La genómica funcional es un campo de la biología molecular que intenta describir las funciones e interacciones de los genes (y las proteínas ). La genómica funcional hace uso de la gran cantidad de datos generados por proyectos genómicos y transcriptómicos (como los proyectos de secuenciación del genoma y la secuenciación del ARN ). La genómica funcional se centra en los aspectos dinámicos como la transcripción génica , la traducción , la regulación de la expresión génica y las interacciones proteína-proteína , en contraposición a los aspectos estáticos de la información genómica como la secuencia o las estructuras del ADN. Una característica clave de los estudios de genómica funcional es su enfoque de todo el genoma para estas cuestiones, que generalmente implica métodos de alto rendimiento en lugar de un enfoque más tradicional de "gen candidato".
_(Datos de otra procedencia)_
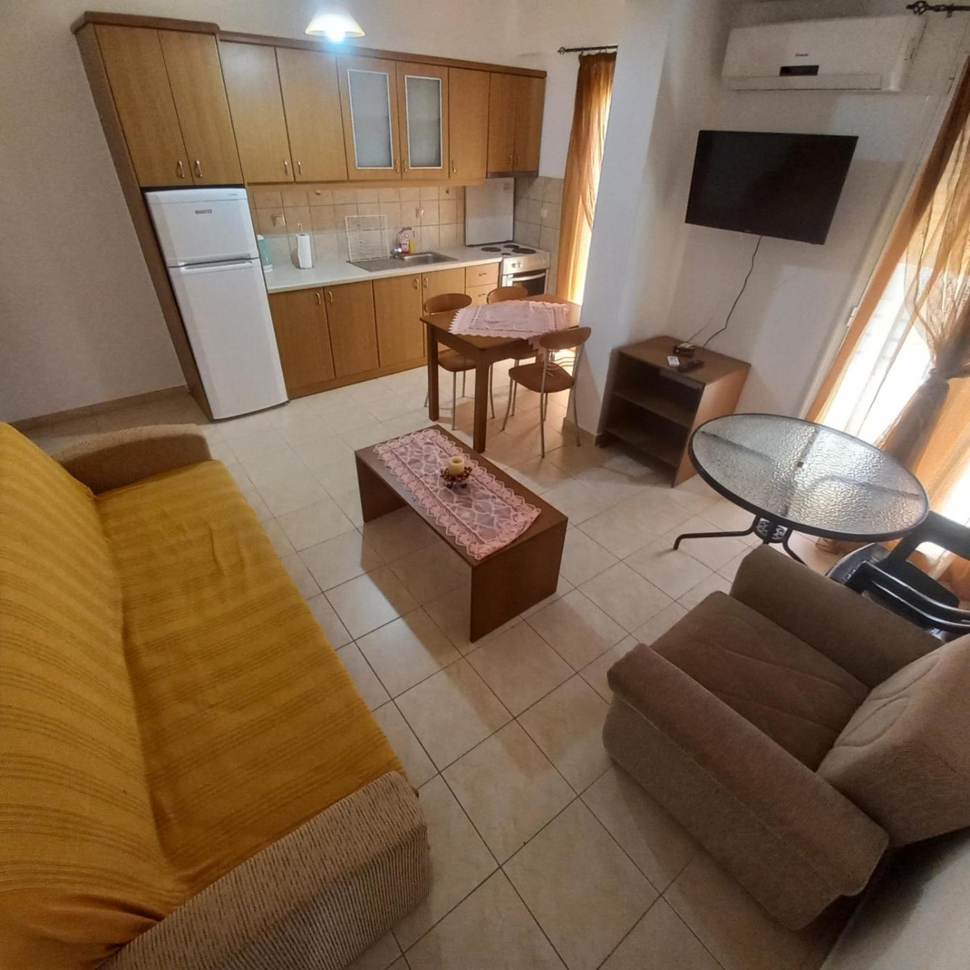 One-Bedroom Apartment. This air-conditioned apartment is comprised of 1 living room, 1 separate bedroom and 1 bathroom with a bath or a shower. In the kitchen, guests will find a refrigerator, kitchenware and an electric kettle. Featuring a balcony with mountain views, this apartment also offers a seating area and a flat-screen TV. The unit offers 2 beds. ;
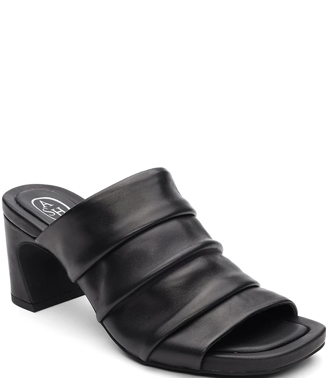 ASH Eva Ruched Leather Sculptural Heel Slide Sandals
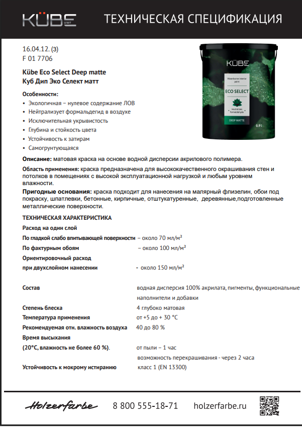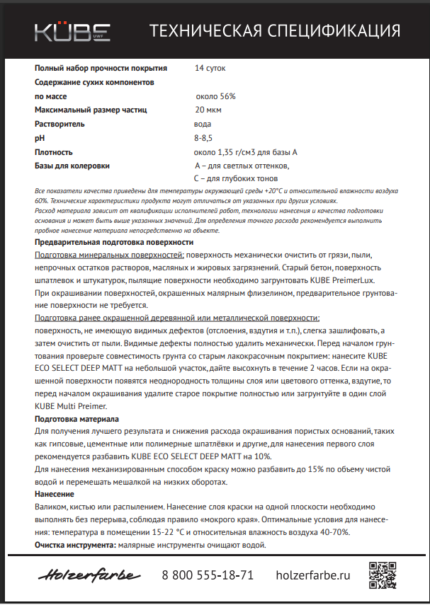 Kube DEEP MATTE глубоко матовая интерьерная краска
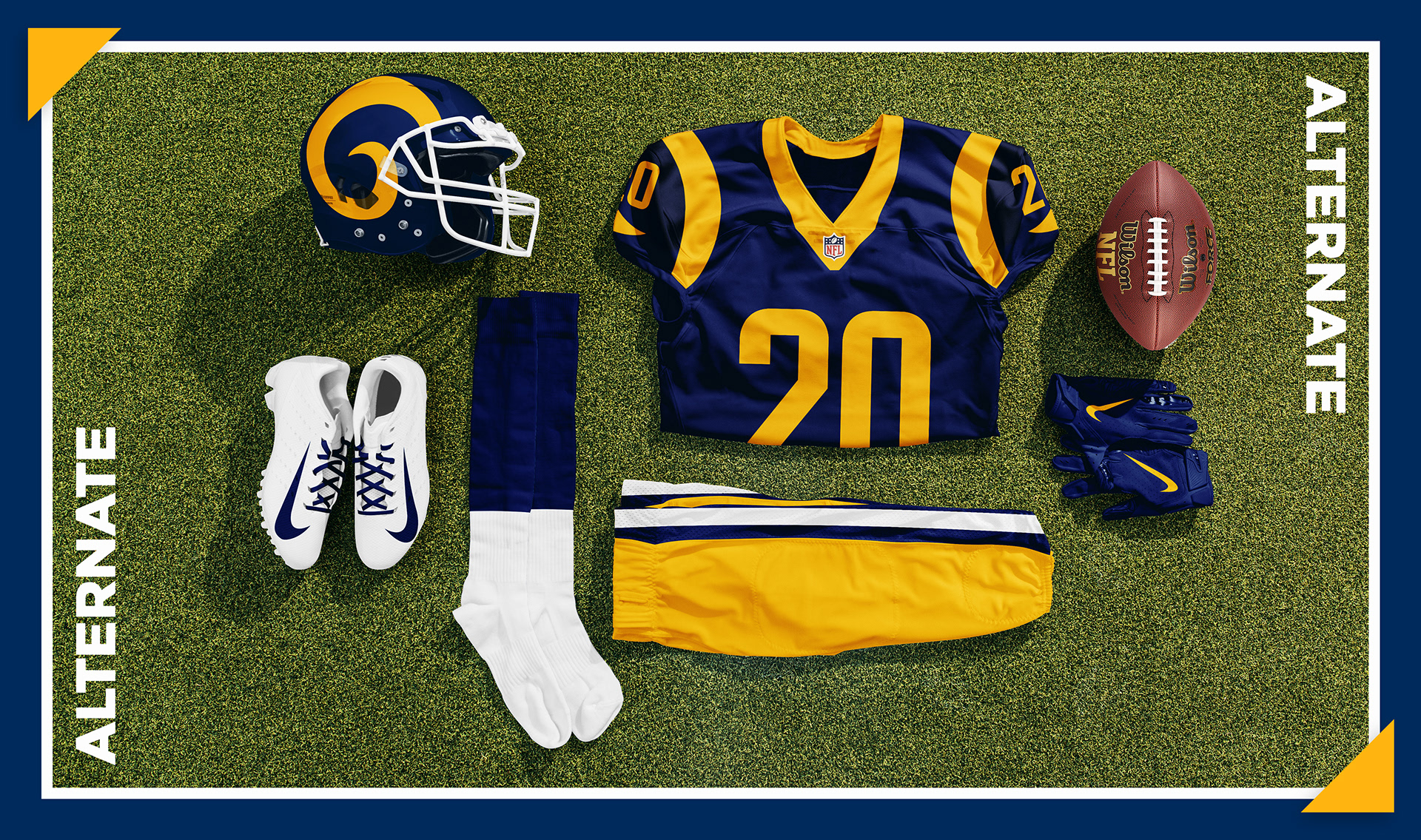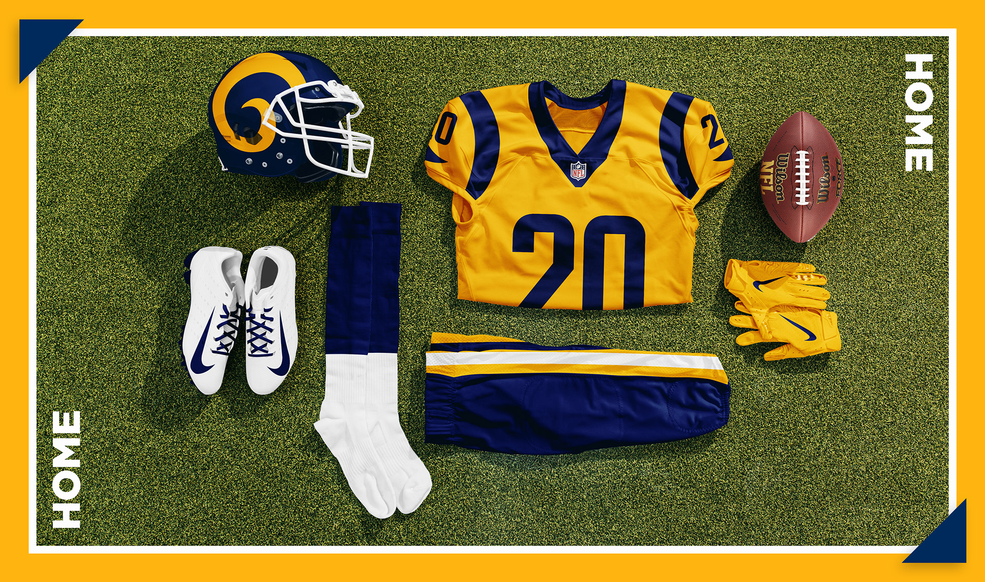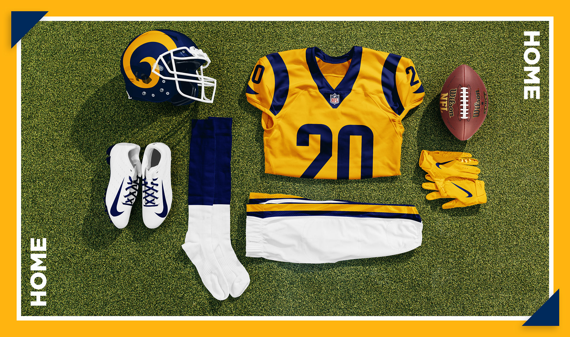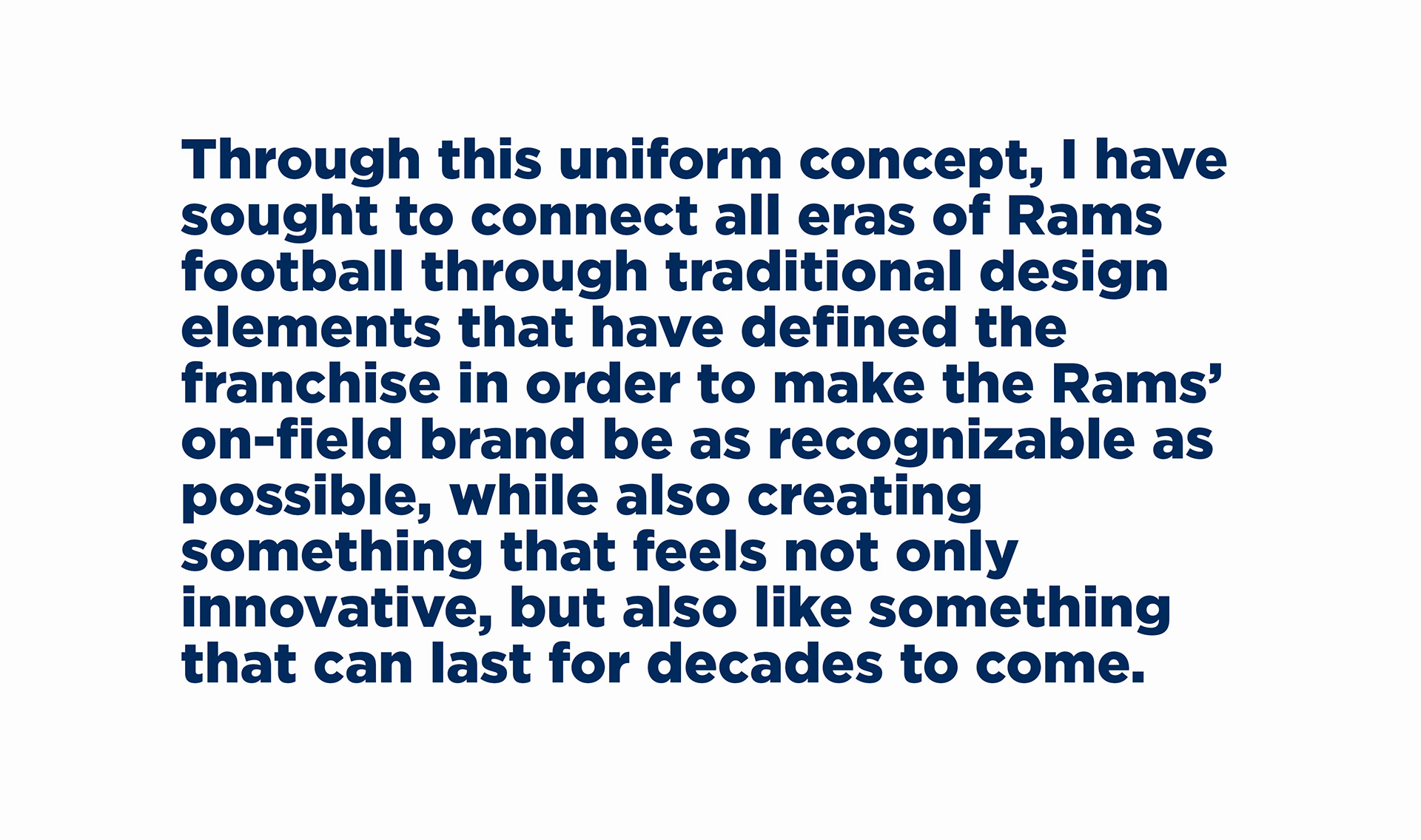 Uniform redesign of the NFL's Los Angeles Rams. Personal project. Uniform mockup template and video game mockup template by Webpixum.

Para comprender la genómica funcional es importante definir primero la función. En su artículo [1], Graur et al. definen la función de dos maneras posibles: "efecto seleccionado" y "rol causal". La función de "efecto seleccionado" se refiere a la función para la cual se selecciona un rasgo (ADN, ARN, proteína, etc.). La función de "rol causal" se refiere a la función para la cual un rasgo es suficiente y necesario. La genómica funcional generalmente prueba la definición de "rol causal" de la función.
El objetivo de la genómica funcional es comprender la función de los genes o las proteínas, en definitiva todos los componentes de un genoma. El término genómica funcional se utiliza a menudo para referirse a los numerosos enfoques técnicos para estudiar los genes y las proteínas de un organismo, incluidas las "propiedades bioquímicas, celulares y/o fisiológicas de todos y cada uno de los productos génicos" [2], mientras que algunos autores incluyen el estudio de elementos no genéticos en su definición. [3] La genómica funcional también puede incluir estudios de la variación genética natural a lo largo del tiempo (como el desarrollo de un organismo) o del espacio (como sus regiones corporales), así como de alteraciones funcionales como las mutaciones.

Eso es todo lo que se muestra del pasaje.